HCP Terraform Operator for Kubernetes

The HCP Terraform Operator leverages the CNCF operator framework to enable the management of HCP Terraform resources through Kubernetes Custom Resources.

This operator introduces several Custom Resources tailored for the seamless management of HCP Terraform resources:

• AgentPool: This resource manages HCP Terraform Agent Pools and Agent Tokens. It also supports on-demand scaling operations for HCP Terraform agents.
• Module: Facilitates the implementation of API-driven Run Workflows, streamlining the execution of Terraform configurations.
• Project: Oversees the management of HCP Terraform Projects, allowing for organized and efficient project handling within the Terraform ecosystem.
• Workspace: Handles the management of HCP Terraform Workspaces, providing a structured environment for resource provisioning and state management.

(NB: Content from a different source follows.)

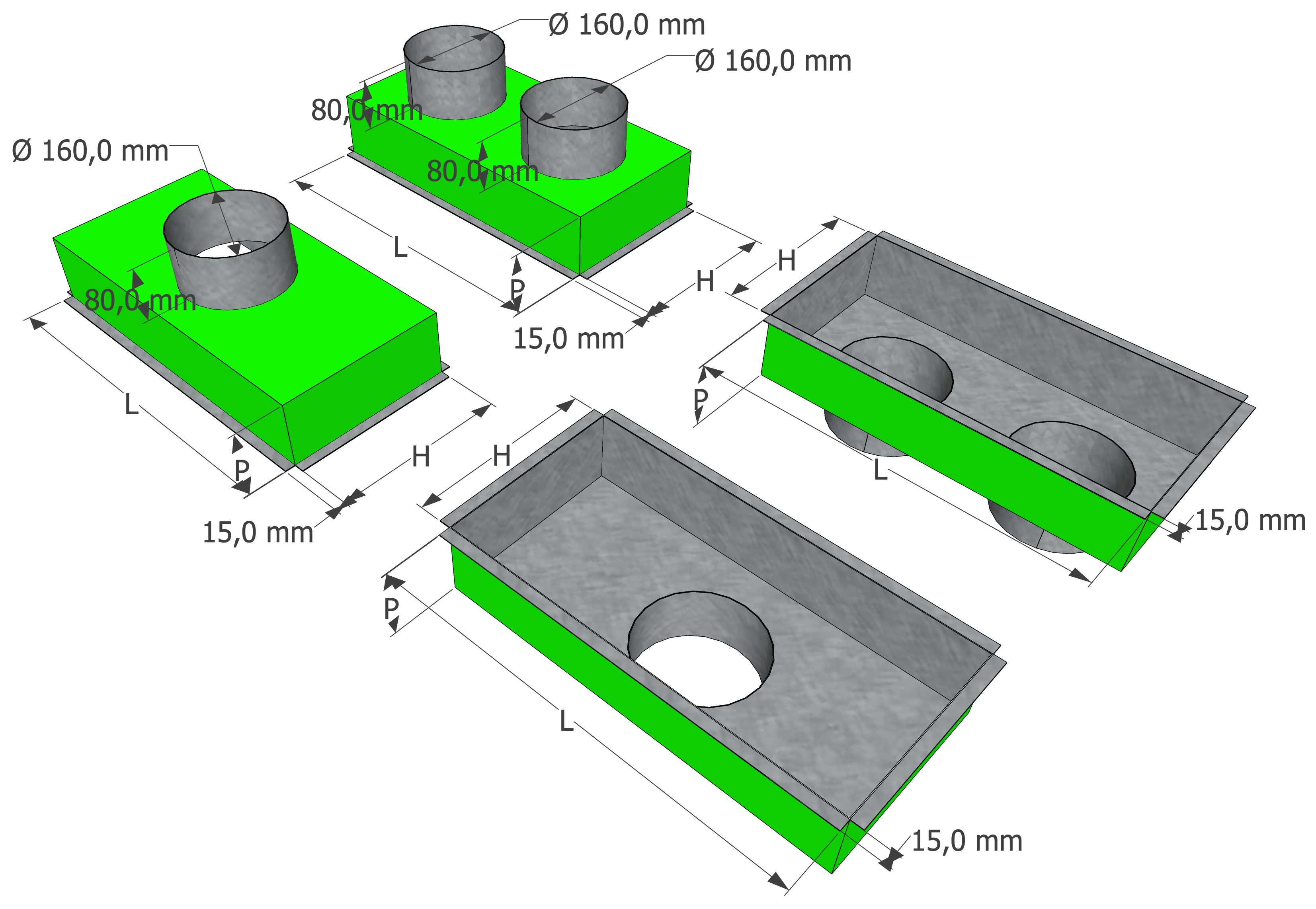 | Configurazione | Modello | L | H | P | Ø | euro |

HCP Terraform Operator Use Cases

The HCP Terraform Operator has two main use cases that we’ll describe in the rest of the section:

1. Auto-scaling agent pools for HCP Terraform
2. Self-service infrastructure via Kubernetes native consumption

Auto-scaling agent pools for HCP Terraform

One of the primary use cases of the Terraform Operator is to provide platform teams with the ability to deploy and autoscale HCP Terraform agent pools on Kubernetes. The operator manages the lifecycle of agent deployment and registration via the AgentPool custom resource and can optionally monitor workspace queues to trigger autoscaling based on defined min and max replicas.

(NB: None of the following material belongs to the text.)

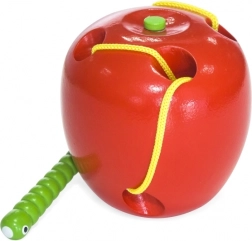 Małe rączki pokochają przewlekanie zielonego robaczka przez czerwone jabłuszko. Każde przejście jest inne, co wspiera kreatywność, pamięć i precyzję ruchów. Kompaktowy rozmiar pozwala zabrać zabawkę wszędzie – do auta, w odwiedziny czy na wakacje.

You may increase the maximum number of agents up to the value defined in autoscaling.maxReplicas or the licensed limit, depending on which limit is reached first. If there are no pending runs, the HCP Terraform Operator will reduce the number of agents to the specified value in autoscaling.minReplicas within the timeframe of autoscaling.cooldownPeriodSeconds. This mechanism allows you to only deploy additional agents when needed, and control costs.

Egress considerations

The network egress requirements for the HCP Terraform agent apply to agents deployed using the HCP Terraform Operator for Kubernetes. These requirements cover the following areas:

• Provider endpoint connectivity
• Access to the Terraform registry
• Access to Terraform releases

See the following HCP Terraform agent documentation sections for details on the agent’s connectivity requirements:

• HCP Terraform agent connectivity requirements with HCP Terraform
• HCP Terraform agent connectivity requirements with Terraform Enterprise

Recommendations

HashiCorp recommends:

1. Using a dedicated Kubernetes cluster or logical node separation to host HCP Terraform agents
2. Use Kubernetes cluster autoscaling where available to manage cluster capacity dynamically. This recommendation is particularly applicable if you are using autoscaling agent pools and there is a high variance between peak and off-peak HCP Terraform run concurrency.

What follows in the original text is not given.